Data excerpts
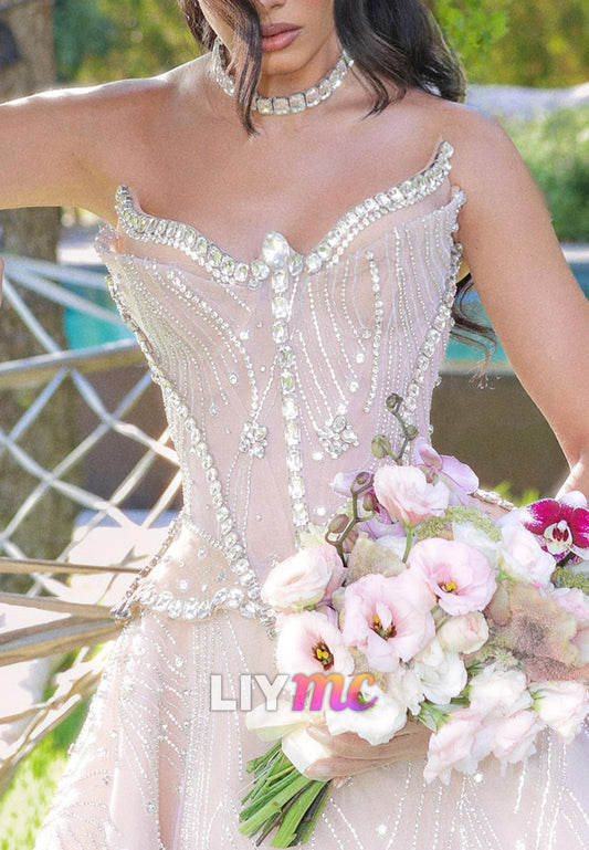 Sweetheart Beaded Embroidery Pearl Sparkly Mermaid Prom Dress
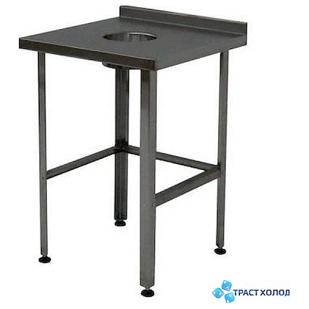 Стол для сбора отходов с бортом, столеш.нерж. Каркас оцинк СРО-3/1000-ЮТ - стол для использования на профессиональной кухне с отверстием для сбора отходор размерами 200х200 мм, с бортом, обвязка с трех сторон.
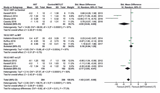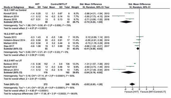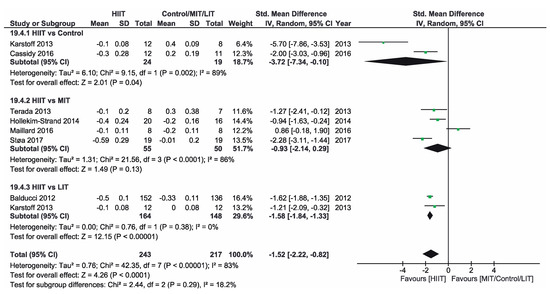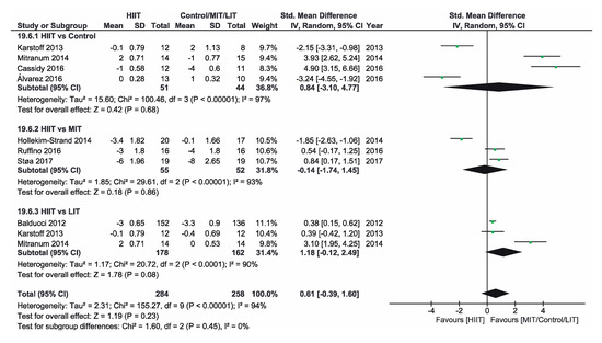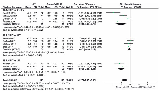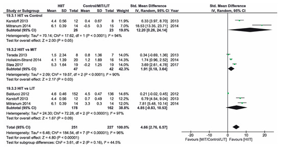 A meta-analysis was carried out to compare changes in the effect size (pre- and post-intervention) between the intervention group (HIIT) and the comparison group (CON, MIT or LIT). The studies were grouped according to the outcome measure, the intervention and the comparison group. For each meta-analysis, the standardized mean difference was calculated, along with the 95% confidence interval (CI). The significance level was set at p < 0.05. Heterogeneity was determined by the chi-square test and the I2 statistic. When homogeneity was observed, a fixed-effect model was used. In the case of heterogeneity, a random-effects model was used. All statistical analyses were carried out by using the statistical software Review Manager (RevMan) 5.3 (The Cochrane Collaboration, The Nordic Cochrane Centre, London, United Kingdom). The results are presented in Forest plots.
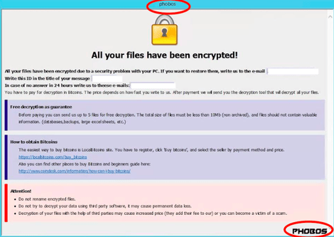 Phobos est le petit frère de Dharma, cousin de CrySiS. Il chiffre vos données en utilisant un protocole de cryptographie asymétrique.
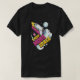 El color es muy bonito al natural, como la foto. El tejido es suave y de buena calidad. Sin defectos en el tintado, ni hilos sueltos o descosidos. Bien la impresión. Los bordes de las letras y el dibujo son nítidos, y el color contrasta muy bien con el de la camiseta.
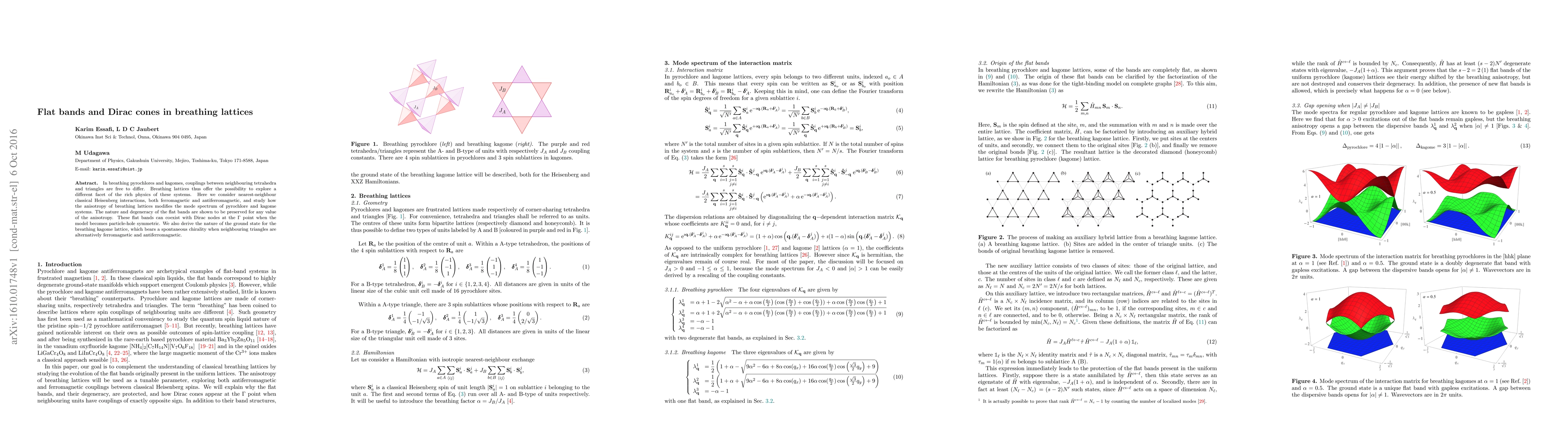 This paper explores the physics of breathing pyrochlores and kagomes, revealing that flat bands and Dirac cones can emerge due to the anisotropic couplings in these lattices. The study finds that the presence of flat bands is robust against anisotropy, and they can coexist with Dirac nodes under particle-hole symmetry, leading to a chiral ground state in the breathing kagome lattice.
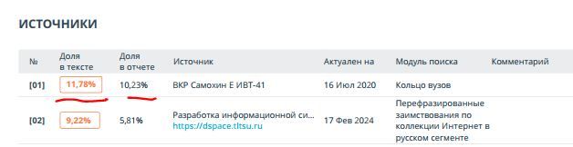 Доля в отчете — отношение объема заимствований, которое учитывается из данного источника, к общему объему документа. Если один и тот же текст был найден в нескольких источниках, то учитывается он только в одном из них. При изменении конфигурации отчета (включении или отключении источников) данный показатель источника может меняться. В сумме дает процент заимствований и цитирований (в зависимости от цвета источника).
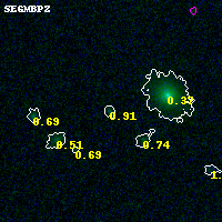 Black segments are analyzed here. Roll mouse over color images to view segments. Best viewed in a wide browser window (1200 pixels or more). Download SED & P(z) plots to view larger versions.

Exercise details
An exact copy of every entry, minus the pictures, is what you should return.

Response area
 Sweetheart Beaded Embroidery Pearl Sparkly Mermaid Prom Dress
 Стол для сбора отходов с бортом, столеш.нерж. Каркас оцинк СРО-3/1000-ЮТ - стол для использования на профессиональной кухне с отверстием для сбора отходор размерами 200х200 мм, с бортом, обвязка с трех сторон.
 A meta-analysis was carried out to compare changes in the effect size (pre- and post-intervention) between the intervention group (HIIT) and the comparison group (CON, MIT or LIT). The studies were grouped according to the outcome measure, the intervention and the comparison group. For each meta-analysis, the standardized mean difference was calculated, along with the 95% confidence interval (CI). The significance level was set at p < 0.05. Heterogeneity was determined by the chi-square test and the I2 statistic. When homogeneity was observed, a fixed-effect model was used. In the case of heterogeneity, a random-effects model was used. All statistical analyses were carried out by using the statistical software Review Manager (RevMan) 5.3 (The Cochrane Collaboration, The Nordic Cochrane Centre, London, United Kingdom). The results are presented in Forest plots.
 Phobos est le petit frère de Dharma, cousin de CrySiS. Il chiffre vos données en utilisant un protocole de cryptographie asymétrique.
 El color es muy bonito al natural, como la foto. El tejido es suave y de buena calidad. Sin defectos en el tintado, ni hilos sueltos o descosidos. Bien la impresión. Los bordes de las letras y el dibujo son nítidos, y el color contrasta muy bien con el de la camiseta.
 This paper explores the physics of breathing pyrochlores and kagomes, revealing that flat bands and Dirac cones can emerge due to the anisotropic couplings in these lattices. The study finds that the presence of flat bands is robust against anisotropy, and they can coexist with Dirac nodes under particle-hole symmetry, leading to a chiral ground state in the breathing kagome lattice.
 Доля в отчете — отношение объема заимствований, которое учитывается из данного источника, к общему объему документа. Если один и тот же текст был найден в нескольких источниках, то учитывается он только в одном из них. При изменении конфигурации отчета (включении или отключении источников) данный показатель источника может меняться. В сумме дает процент заимствований и цитирований (в зависимости от цвета источника).
 Black segments are analyzed here. Roll mouse over color images to view segments. Best viewed in a wide browser window (1200 pixels or more). Download SED & P(z) plots to view larger versions.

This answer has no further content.